Главное отличие романтизма и классического реализма от символического искусства, по мысли Брюсова, заключается в том, что последнее направление давало доступ в творчество «всем сторонам» человеческой души, тогда как предшествующие течения делили переживания поэта на «откровенья преисподней» и на «небесные мечты». Именно по причине этой внутренней цензуры скрывал от людей «ночную сторону» своей души Пушкин. Причем делал он это «не только с гордостью человека, не желающего выставлять свои страдания “на диво черни простодушной”, но и со стыдливостью художника, отделяющего жизнь от искусства». Поль Верлен, «стоящий на пороге нового искусства, уже воплотил в себе тип художника, не знающего, где кончается жизнь, где начинается искусство…». Поэтому, как утверждает Брюсов, «кто принимает стихи Верлена, должен принять и его жизнь; кто отвергает его как человека, пусть отречется и от его поэзии; она нераздельна с его личностью». Любые попытки оторвать «себя — поэта от себя — человека» грозят художнику потерей самых невероятных откровений, гибелью самых сокровенных замыслов. Чтобы избежать этой опасности, мало оставаться лишь предельно искренним — надо подчинить жизнь и искусство одним и тем же законам: «Мы требуем от поэта, чтобы он неустанно приносил свои “священные жертвы” не только стихами, но каждым часом своей жизни, каждым чувством, — своей любовью, своей ненавистью, достижениями и падениями. Пусть поэт творит не свои книги, а свою жизнь. Пусть хранит он алтарный пламень неугасимым, как огонь Весты, пусть разожжет его в великий костер, не боясь, что на нем сгорит и его жизнь. На алтарь нашего божества мы бросаем самих себя. Только жреческий нож, рассекающий грудь, дает право на имя поэта».

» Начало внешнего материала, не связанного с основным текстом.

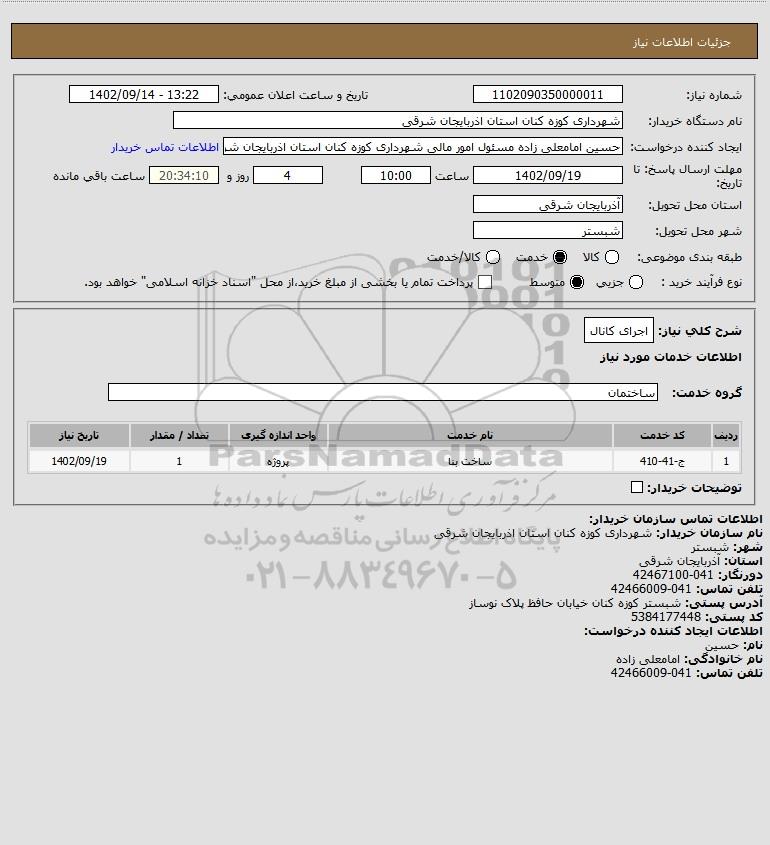 نام سازمان خریدار: شهرداری کوزه کنان استان اذربایجان شرقی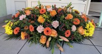 Cette composition de forme allongée réalisée à la main par votre artisan fleuriste, à partir de fleurs fraîches. Les tons chauds d’orange et de jaune, associés à un feuillage structuré, apportent une présence florale élégante et apaisante lors des cérémonies.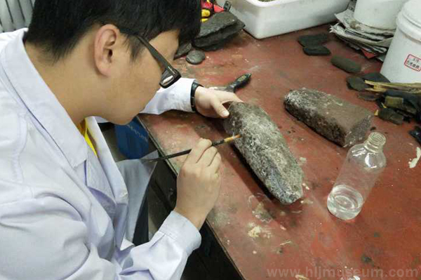 文保中心专业人员在此阶段文物复制工作中,历时5个月的时间,克服了种种困难,如复制时填充起泡等技术性的难题以及修复室炎热酷暑等环境考验,成功为哈尔滨市第六十中学复制文物64件、为鄂温克旗博物馆复制文物3件、为伊春桃山博物馆复制文物3件、为饶河农垦博物馆复制文物8件,文物类别涉及玉器、石器、骨制品、铜印、金牌等多个门类。文物复制主要使用锡条、树脂、石膏、聚甲基丙烯酸甲酯、玻璃钢、氧化钠、硫酸铜等物理和化学材料,通过清洁除尘、涂刷脱模剂、硅胶翻模、石膏翻模、养护、脱模、注入填充材料、精修、上色、外层防护等步骤完成整个修复过程,复制成品尺寸精准,外观形象具有极强的相似度。
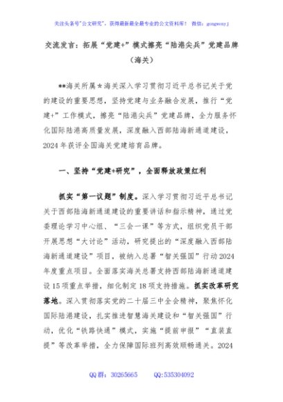 交流发言:拓展“党建+”模式擦亮“陆港尖兵”党建品牌(海关)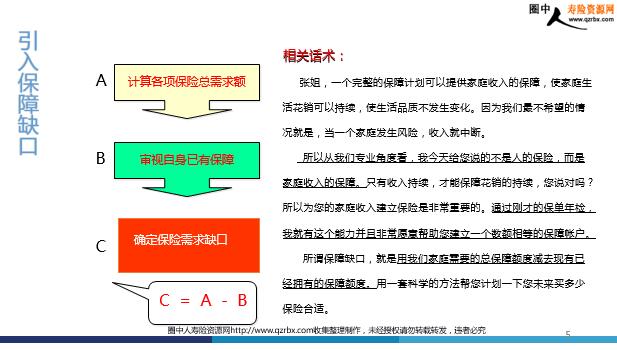 人生7张保单 销售七张保单之一个活动 业务员需要 客户需要 为什么做保单体检 相关话术:张姐,一个完整的保障计划可以提供家庭收入的保障,使家庭生活花销可以持续,使生活品质不发生变化。因为我们最不希望的情况就是,当一个家庭发生风险,收入就中断。所以从我们专业角度看,我今天给您说的不是人的保险,而是家庭收入的保障。只有收入持续,才能保障花销的持续,您说对吗?所以为您的家庭收入建立保险是非常重要的。通过刚才的保单年检,我就有这个能力并且非常愿意帮助您建立一个数额相等的保障帐户。所谓保障缺口,就是用我们家庭需要的总保障额度减去现有已经拥有的保障额度。用一套科学的方法帮您计划一下您未来买多少保险合适。 引入保障缺口 重疾保险需求 重大疾病保险需求=经验额度-已有商业保险 保障缺口计算原理 一个普通家庭的每个家庭成员,最少应该准备20万元的重疾保障应急金。张姐,通过保单检视可以看到,我们目前已有的商业重疾保障有B,保障缺口为20万-B=C万。 相关话术 重疾保障缺口讲解 养老保险需求 养老保险需求=预计退休时的月开销×生命余额-已有商业保险 保障缺口计算原理 相关话术:我们不知道自己能够活多长时间,可以按最新的寿命表,退休后到80岁。从60岁到80岁,在退休的20年里,假如1人每顿平均10元,光吃饭夫妻俩就需要10元*3顿*365天*20年*2人=43.8万!这还不包括我们的衣、食、住、行和看病的费用。如果我们活得更久,我们就需要更多的生活成本。所以,一个普通家庭最少需要准备50万的养老补充金才行。张姐,通过保单检视可以看到,我们目前已有的商业养老保障是B,保障缺口为50万-B=C万。 养老保障缺口讲解 教育金保险需求 教育金保险需求=小孩未来求学所需教育金额-已有教育金储备 保障缺口计算原理 相关话术:孩子的健康成长,不仅仅需要父母的关爱,更需要成长过程中各个阶段所需要的费用。投资教育就是投资明天,投资孩子就是投资未来。那么到底培养一个孩子需要花多少钱?中国社科院社会学研究所最新一期的《青年研究》刊发了著名社会学家徐安琪的《孩子的经济成本》的调研报告。报告指出,0至16岁孩子的抚养总成本将达到25万元左右。如估算到子女上高等院校的家庭支出,则高达48万元!所以,对于孩子未来这么大一笔费用的支出,我们做父母的更应该提前做好规划。张姐,通过保单检视可以看到,我们目前针对孩子的专项教育金储备是B。保障缺口为48万-B=C万。 教育保障缺口讲解 人寿保险需求 人寿保险需求=家庭各项开支预估总额+父母赡养费总额+各项贷款-已有保险 保障缺口计算原理 相关话术:作为一家之主,在您的呵护下,您的家人生活得很幸福。一旦有什么闪失发生,家里边就会很被动,家庭的收入就会中断。 421倒金字塔就是中国当代社会的家庭结构图,这是您,这是您爱人,这是您的小孩,这是双方的老人。我们对上要赡养4位老人,对下要抚养小孩——现在我们承受着很大的压力!所以说,我们需要的人寿保险应该等于家庭各项开支预估总额+赡养父母的费用+抚养子女的费用+各项贷款-已有保险。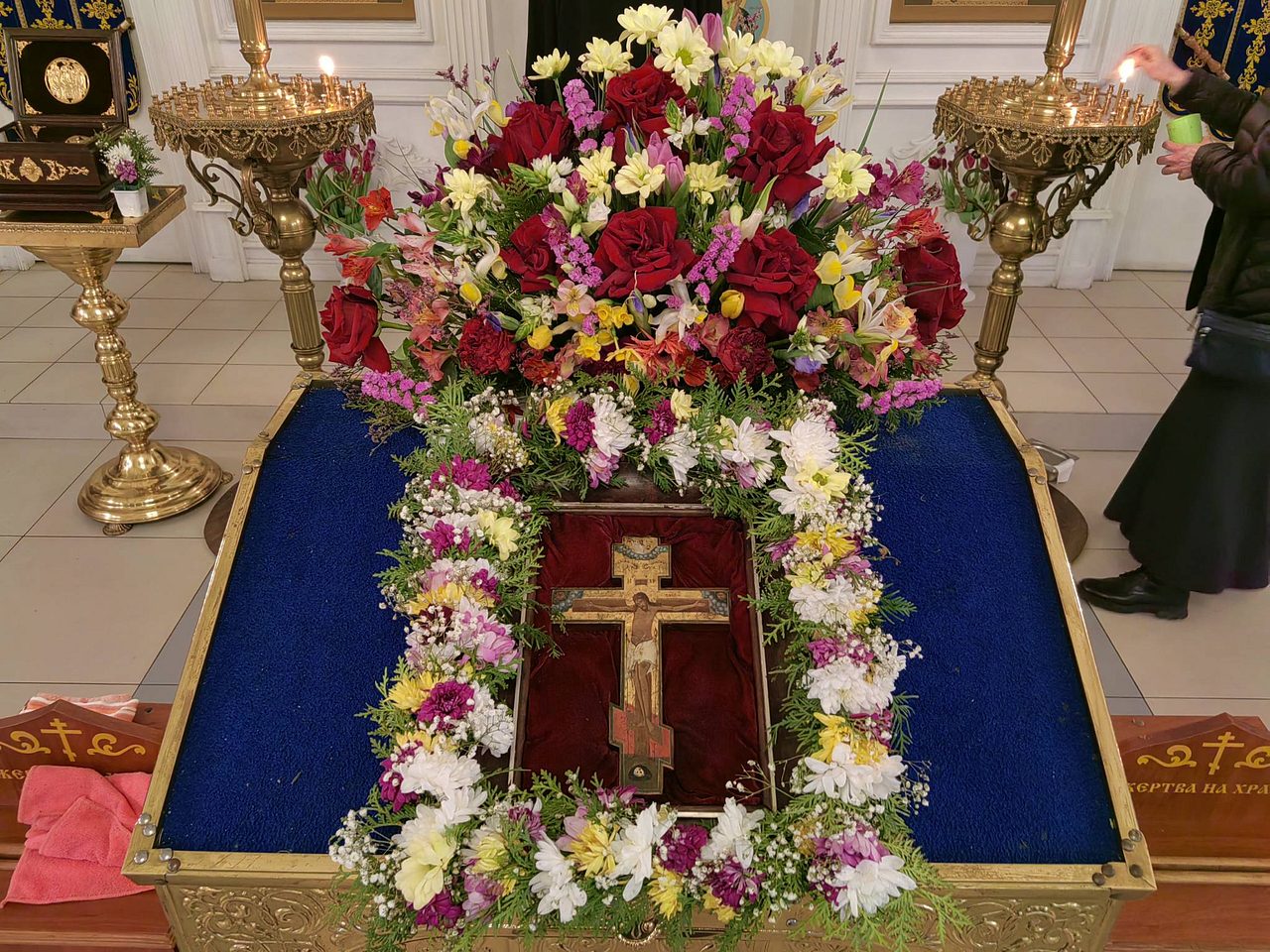 22 марта 2025 года, в Неделю 3-ю Великого поста по благословению настоятеля храма иерея Максима Глухих, в рамках работы храма со школами по Основам Православной Культуры, учащиеся ГБОУ школы 1355 совместно с родителями и учителем Бежбармаковой Эллой Валерьевной приняли участие в украшении храма священномученика Серафима, митрополита Петроградского.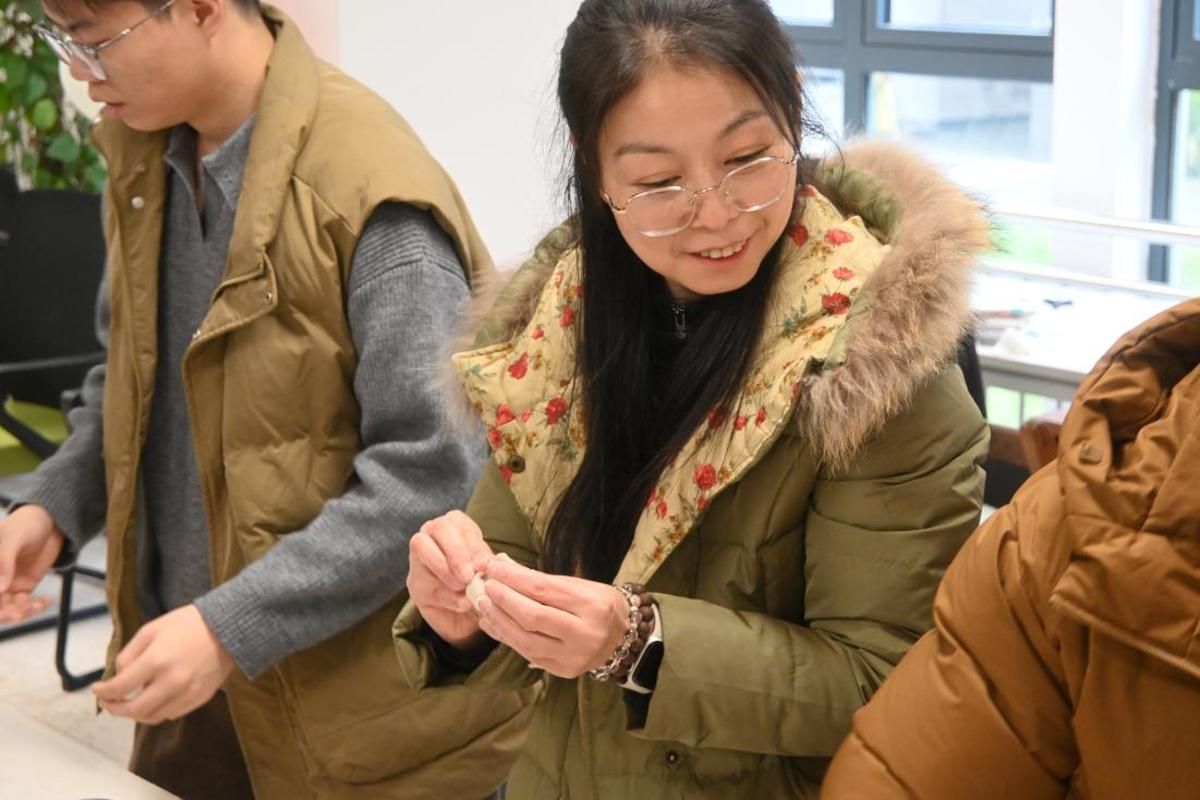 活动现场,揉面、擀皮、填馅、捏合等环节有序推进,师生默契配合,沉浸其中。丁伟书记、王勇经理全程参与活动,与师生亲切交流,不时驻足观看大家包制饺子的过程,现场氛围热烈而有序。活动过程中,师生也围绕资助政策、课堂学业、职业规划、校园生活等话题深入交流,师生情谊在协作中不断深化,现场温馨而热烈。

Соотношение жизни и искусства было ключевой проблемой русского модернизма: как размежевание литературных направлений, так и выработка творческой индивидуальности определялись характером ее решения. Поэтому невельская статья Бахтина была не гениальным юношеским прозрением, а затухающим голосом в затянувшейся дискуссии, провинциальным эхом столичных споров. Ее значение заключается в попытке (правда, пока еще очень скромной, далекой до размаха последующих работ) ответить на указанный вопрос, исходя из предпосылок неокантианской этики. И, может быть, еще большее значение она имеет как человеческий документ, как непосредственное свидетельство тех чувств и мыслей, с которыми Бахтин вступал в грядущий «железный век» и о которых считал нужным поведать всему миру.
Нетрудно понять, что Невель для Бахтина был слишком мал. Причем мал, конечно, не территориально (западноевропейские университетские городки, например, бывают довольно миниатюрными по своим размерам), а духовно-интеллектуально. Несмотря на наличие друзей с близкими интересами, несмотря на участие в мероприятиях, инициированных Гурвичем и призванных «разбудить» невельских обывателей, заставить их жить в пространстве культуры, а не повседневных житейских забот, город этот не мог стать ни на скорую руку «срубленным» Кембриджем, ни в одночасье вознесшимся над окрестными озерами Оксфордом. Да и время постепенно становилось все менее и менее голодным, не требуя длительных «отсидок» в провинциальных зонах относительного пищевого комфорта. Поэтому нет ничего удивительного, что Бахтин регулярно предавался «снам о чем-то большем», чем Невель. И 23 сентября 1920 года Гипнос, всегда благосклонный к ищущим его услуг людям, организует материализацию сумеречных видений: Бахтина зачисляют на должность преподавателя западноевропейской литературы Витебского института народного образования.